Target: Mr. Milunovich cut his price target to $24 (U.S.) from $28 and reiterated a "neutral" rating. The average target is $25.30.
Home Capital Group Inc.'s stock price has been on a roller-coaster during 2013. It was driven down initially by the build-up of U.S. short positions, but more recently the stock has rallied to record highs thanks in part to short-covering.
"We estimate that there is still more short covering to come that would drive the price still higher," said Desjardins Securities analyst Michael Goldberg.
Target: Mr. Goldberg maintained a "top pick" rating and $76.50 target. The average target is $73.
Lundin Mining Corp. provided updated estimates for its wholly owned mining operations this week that showed copper and zinc reserves growing by 2 per cent and 5 per cent, respectively.
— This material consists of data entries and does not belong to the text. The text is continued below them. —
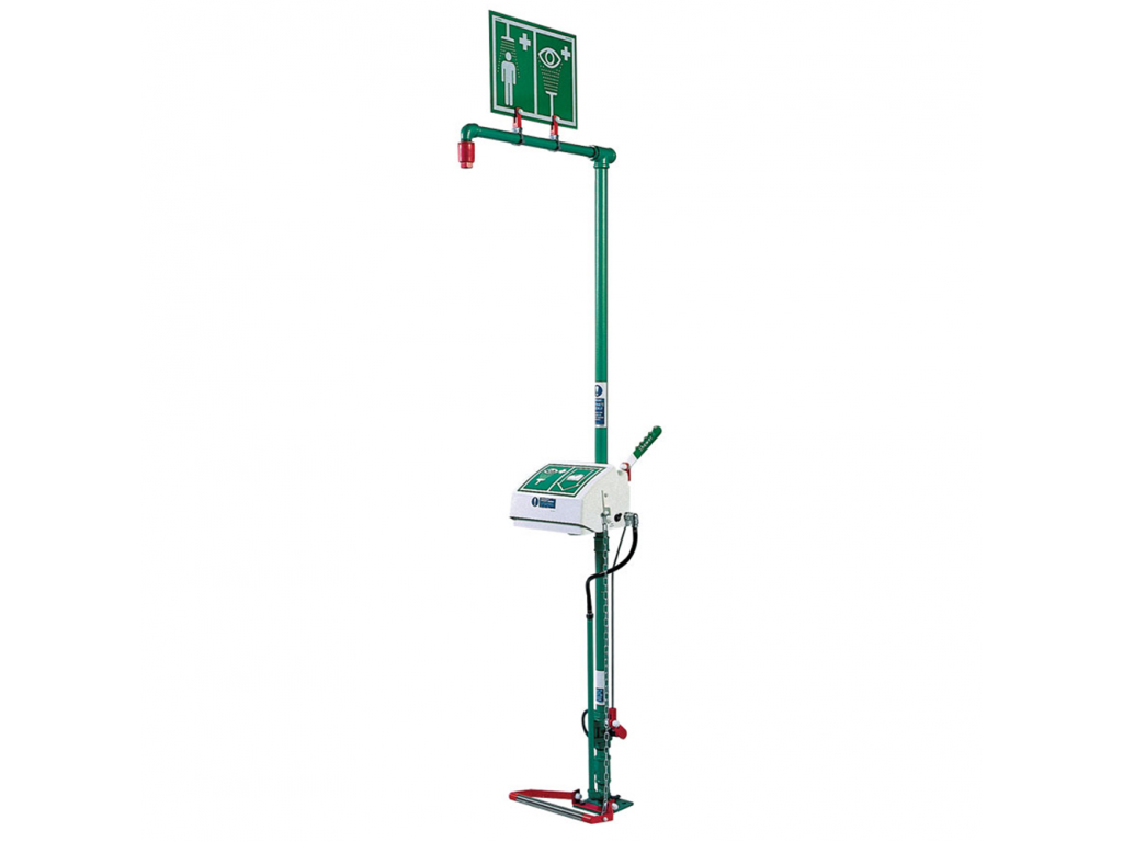 Fűtetlen mentesítő zuhany szem-, arcmosó kúttal. Alsó vízvezeték csatlakozással. Megjegyzés: A kút bármelyik irányba felszerelhető a zuhanzóra. Külön rendelhető tartozék: piktogram és felfogókeret, műanyag vagy rozsdamentes acélból zuhanyrózsa, triflex kézi zuhany, pedál a szemmosóhoz, világítás, foglaltság jelző kapcsoló, kabin. Bejövő vízvezeték csatlakozás: 1 1/4 colos belső mentes Minimális nyomás: 2 bar (kg/cm2)
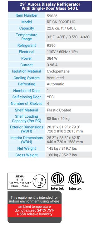 Temperature Range: 33°F – 40°F / 0.5°C – 4.4°C
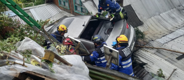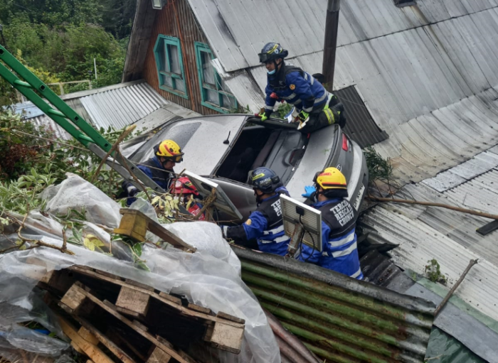 En el lugar y por razones que se investigan, el conductor perdió el control del móvil cayendo sobre el techo de una vivienda, según lo señaló el Comandante del Cuerpo de Bomberos de Chonchi, Rubén Vera:
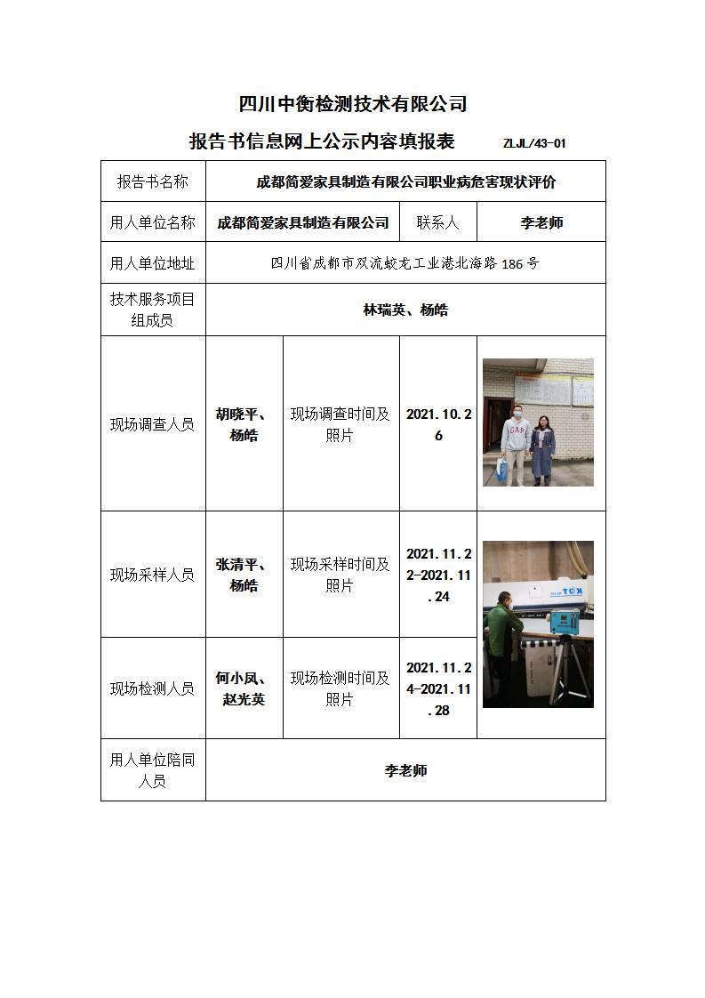 成都簡(jiǎn)愛(ài)家具制造有限公司職業(yè)病危害現(xiàn)狀評(píng)價(jià)
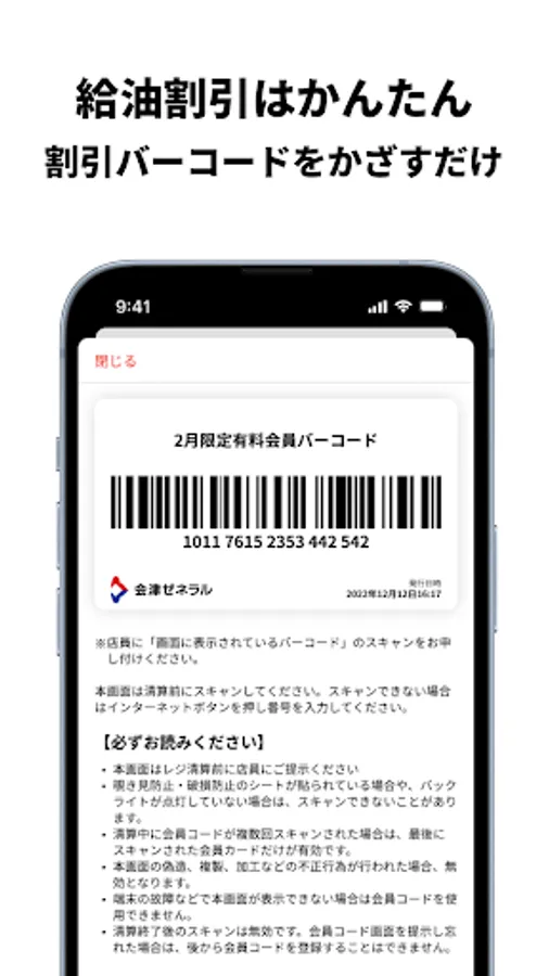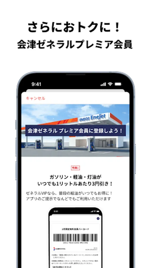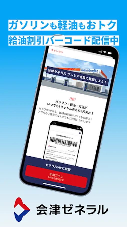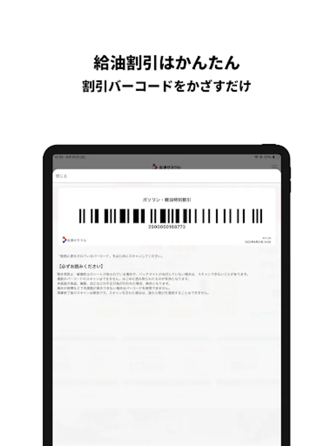 Use the in-app bar code to get a 3 yen discount per liter at any time! !
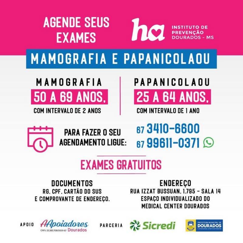 O exame da mamografia é direcionado para mulheres entre 50 a 69 anos e deve ser realizado com um intervalo de 2 anos. Já o papanicolau é realizado para mulheres entre 25 a 64 anos e a indicação é com intervalo de 1 ano. Os resultados dos exames realizados também são retirados no local e quando necessário pode-se encaminhar a paciente para realizar exames complementares.

The update had a fairly neutral impact on Raymond James analyst Alex Terentiew's net asset value estimate for Lundin, but he increased his forecast for the stock based on the impact of a depreciated Canadian dollar.
Target: Mr. Terentiew raised his target price to $5 from $4.75 and maintained a "market perform" rating. The average target is $5.53.
Other analyst actions today include:
Raymond James upgraded Evertz Technologies Ltd. to "outperform" from "market perform" and raised its price target to $17.50 from $16.
Wells Fargo downgraded Travelers Cos. to "market perform" from "outperform" and cut its valuation range to $89-92 from $94-98.